WORK ORDER:
Starting at the line that contains "The NEIRAMI Mock", print each line exactly through the end of the listing. Skip any pictures and add nothing.

PROVIDED RECORDS:
=== Section Start ===

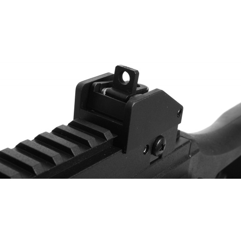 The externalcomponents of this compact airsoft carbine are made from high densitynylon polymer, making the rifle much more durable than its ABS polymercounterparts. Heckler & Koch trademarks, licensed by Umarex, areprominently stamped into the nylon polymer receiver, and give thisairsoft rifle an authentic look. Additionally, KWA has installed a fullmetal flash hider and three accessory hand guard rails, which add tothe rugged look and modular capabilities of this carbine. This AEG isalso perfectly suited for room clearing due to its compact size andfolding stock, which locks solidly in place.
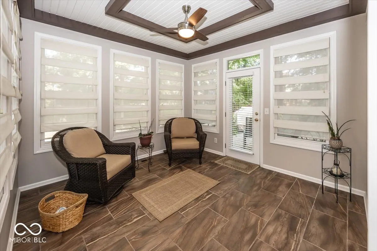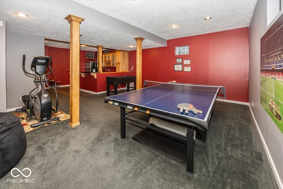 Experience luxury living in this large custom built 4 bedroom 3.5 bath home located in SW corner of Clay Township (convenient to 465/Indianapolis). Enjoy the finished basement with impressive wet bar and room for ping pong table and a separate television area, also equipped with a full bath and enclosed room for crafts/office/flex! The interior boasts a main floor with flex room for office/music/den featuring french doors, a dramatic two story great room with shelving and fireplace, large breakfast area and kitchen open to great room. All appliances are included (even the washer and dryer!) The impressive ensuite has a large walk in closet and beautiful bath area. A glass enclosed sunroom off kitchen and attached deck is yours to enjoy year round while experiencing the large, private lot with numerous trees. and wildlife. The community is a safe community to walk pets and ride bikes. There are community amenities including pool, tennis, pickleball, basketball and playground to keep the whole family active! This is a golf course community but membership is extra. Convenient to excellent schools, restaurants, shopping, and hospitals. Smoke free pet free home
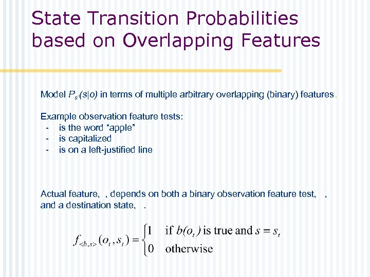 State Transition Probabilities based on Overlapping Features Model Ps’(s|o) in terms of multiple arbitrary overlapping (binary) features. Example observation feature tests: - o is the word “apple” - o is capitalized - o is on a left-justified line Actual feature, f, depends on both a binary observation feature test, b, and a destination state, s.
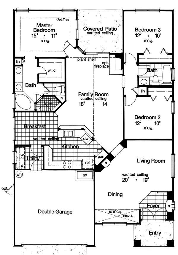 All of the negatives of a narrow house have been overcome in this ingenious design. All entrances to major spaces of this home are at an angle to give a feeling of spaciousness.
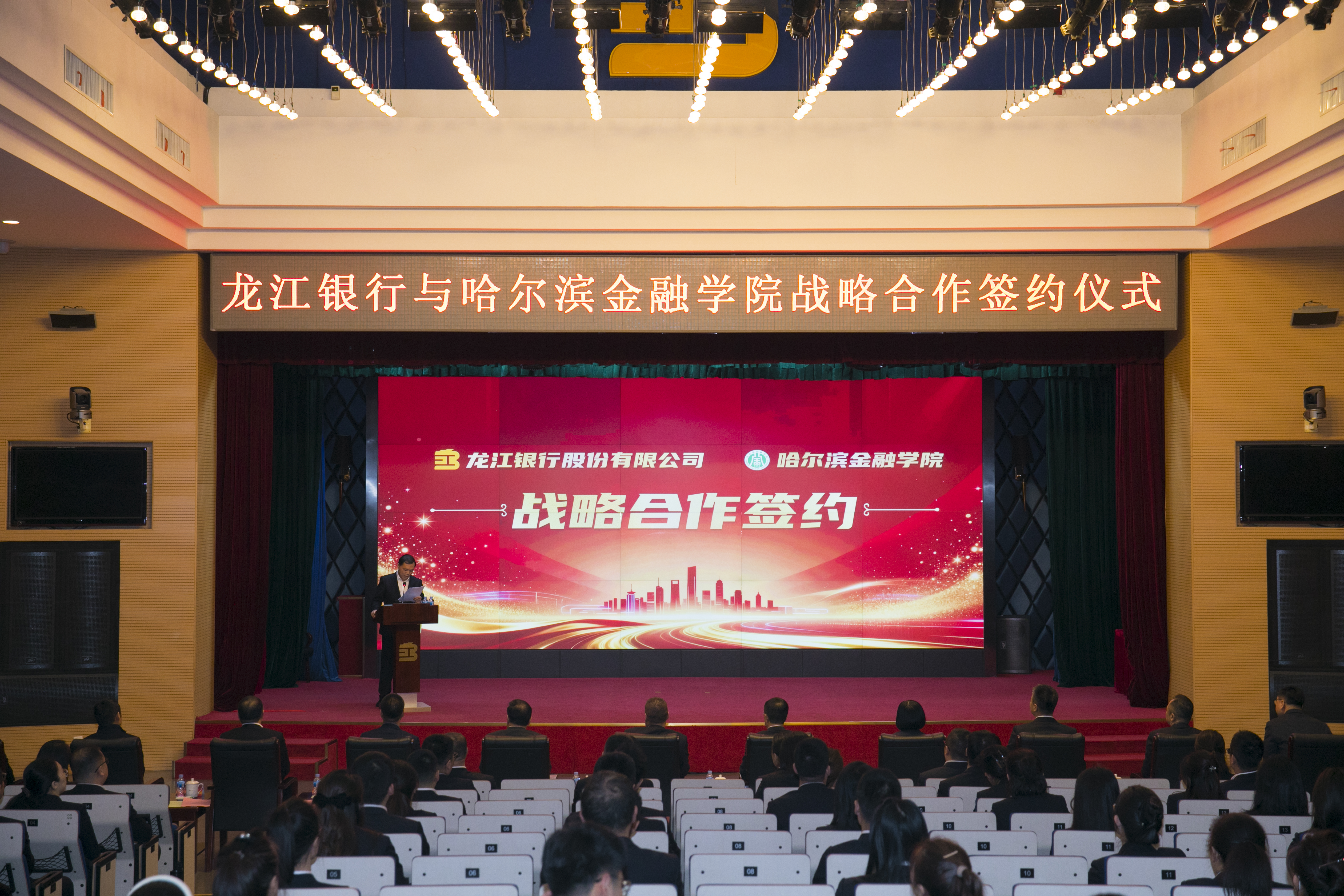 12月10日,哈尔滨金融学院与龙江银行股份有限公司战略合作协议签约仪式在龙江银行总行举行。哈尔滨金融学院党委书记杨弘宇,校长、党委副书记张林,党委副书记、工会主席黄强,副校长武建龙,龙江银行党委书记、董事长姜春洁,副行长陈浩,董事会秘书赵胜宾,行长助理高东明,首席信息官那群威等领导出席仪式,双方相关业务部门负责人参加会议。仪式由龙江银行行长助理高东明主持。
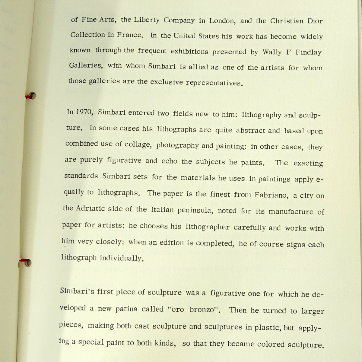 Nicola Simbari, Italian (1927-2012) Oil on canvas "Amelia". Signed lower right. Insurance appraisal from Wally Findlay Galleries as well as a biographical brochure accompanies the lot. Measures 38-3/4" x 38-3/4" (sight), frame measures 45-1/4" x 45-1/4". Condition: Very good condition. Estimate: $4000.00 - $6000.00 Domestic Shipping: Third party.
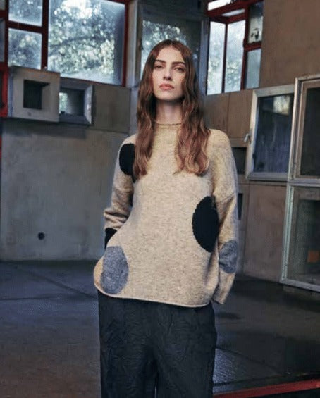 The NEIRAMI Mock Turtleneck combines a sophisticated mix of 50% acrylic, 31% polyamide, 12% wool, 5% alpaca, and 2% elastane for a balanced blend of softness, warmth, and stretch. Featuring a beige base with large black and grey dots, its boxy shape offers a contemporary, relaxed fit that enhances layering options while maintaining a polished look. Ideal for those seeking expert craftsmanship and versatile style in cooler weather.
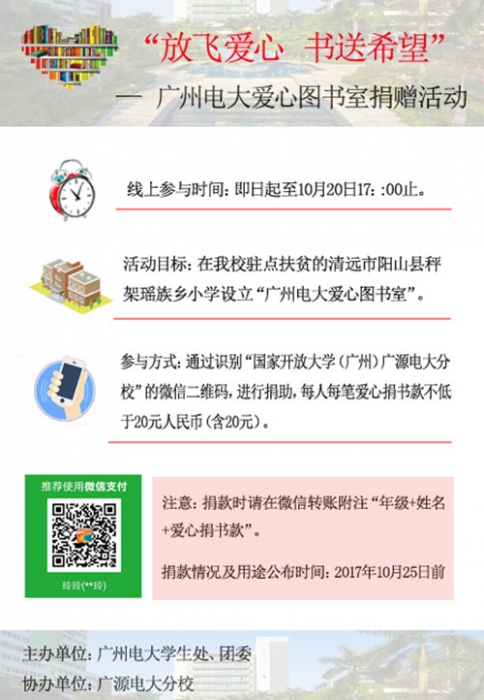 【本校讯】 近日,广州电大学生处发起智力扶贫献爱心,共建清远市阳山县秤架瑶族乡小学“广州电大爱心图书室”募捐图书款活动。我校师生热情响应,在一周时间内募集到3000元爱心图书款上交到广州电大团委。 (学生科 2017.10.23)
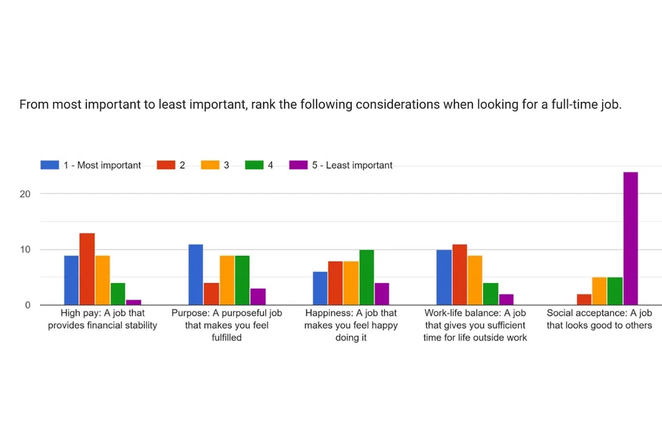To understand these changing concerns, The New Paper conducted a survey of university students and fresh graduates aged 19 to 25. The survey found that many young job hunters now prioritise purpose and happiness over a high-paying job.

=== Section End ===

RESULT BELOW:
 The NEIRAMI Mock Turtleneck combines a sophisticated mix of 50% acrylic, 31% polyamide, 12% wool, 5% alpaca, and 2% elastane for a balanced blend of softness, warmth, and stretch. Featuring a beige base with large black and grey dots, its boxy shape offers a contemporary, relaxed fit that enhances layering options while maintaining a polished look. Ideal for those seeking expert craftsmanship and versatile style in cooler weather.
 【本校讯】 近日,广州电大学生处发起智力扶贫献爱心,共建清远市阳山县秤架瑶族乡小学“广州电大爱心图书室”募捐图书款活动。我校师生热情响应,在一周时间内募集到3000元爱心图书款上交到广州电大团委。 (学生科 2017.10.23)
To understand these changing concerns, The New Paper conducted a survey of university students and fresh graduates aged 19 to 25. The survey found that many young job hunters now prioritise purpose and happiness over a high-paying job.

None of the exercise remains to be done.